There is no single fix, because the leak is intrinsic to how each model behaves. Practical mitigations focus on reducing signal and raising the cost of attribution:

  • Treat model identity as leakable. Threat-model the assumption that a remote site can learn your agent’s model from behaviour alone, and do not rely on header or IP obfuscation for anonymity.
  • Add controlled randomisation. Introduce jitter into inter-action timing and, where safe, vary interaction order so that temporal/structural patterns are less separable. This trades a little efficiency for less distinctiveness.
  • Normalise the action layer. Route agent decisions through a deterministic execution harness that standardises how clicks, scrolls, and form fills are emitted, so different models share a common low-level interaction profile.
  • Isolate high-risk pages. Because fingerprinting enables model-tailored injection, keep untrusted web content away from agents that hold credentials or tools, consistent with lethal-trifecta and least-privilege guidance.
  • Monitor and rate-limit collection-side telemetry. On the defender’s own properties, recognise that fine-grained UI telemetry is dual-use and can itself profile visiting agents.

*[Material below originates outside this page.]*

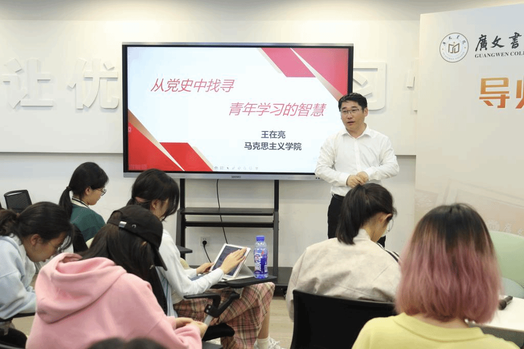 为助力学生有效学习,4月18日晚,导师会客厅活动在广文书院多功能厅顺利举行。本期活动以“从党史中找寻青年学习的智慧”为主题,邀请到了广文书院导师王在亮为学子们带来了一场精彩纷呈的分享。
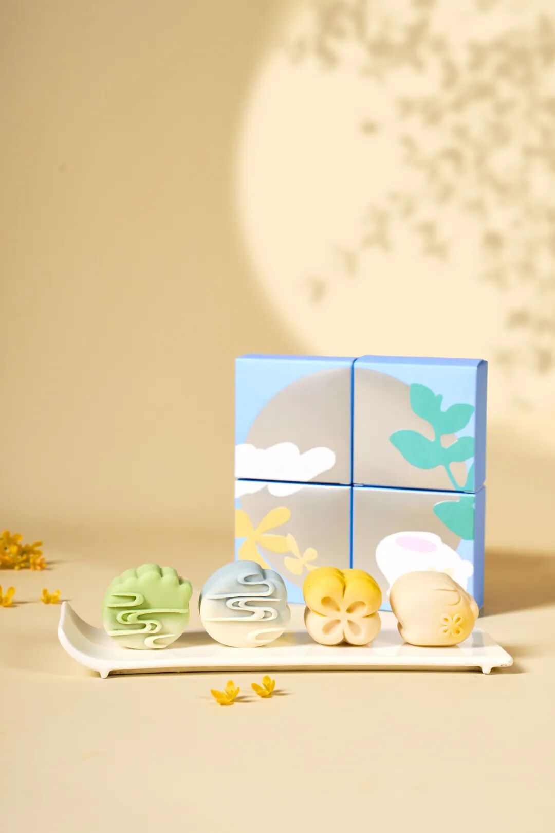 造型别致的一组玉兔月饼则非常体贴地选择了低糖处理,4种口味老少咸宜,口味与健康完美平衡。

These reduce reliability but, per the paper’s framing, do not eliminate behavioural attribution — distinctiveness is a feature of model decision-making, not a bug to be patched once.

Status

The work is a research disclosure, not a product vulnerability, so there is no CVE or vendor patch. The authors position it as enabling reproducible research into behavioural attribution of LLM agents, and release their dataset and harness for that purpose. Defenders building or deploying browser and computer-use agents should fold model-identity leakage into their threat models now, before agent fleets scale further.

Key date: paper posted 14 May 2026 (arXiv 2605.14786).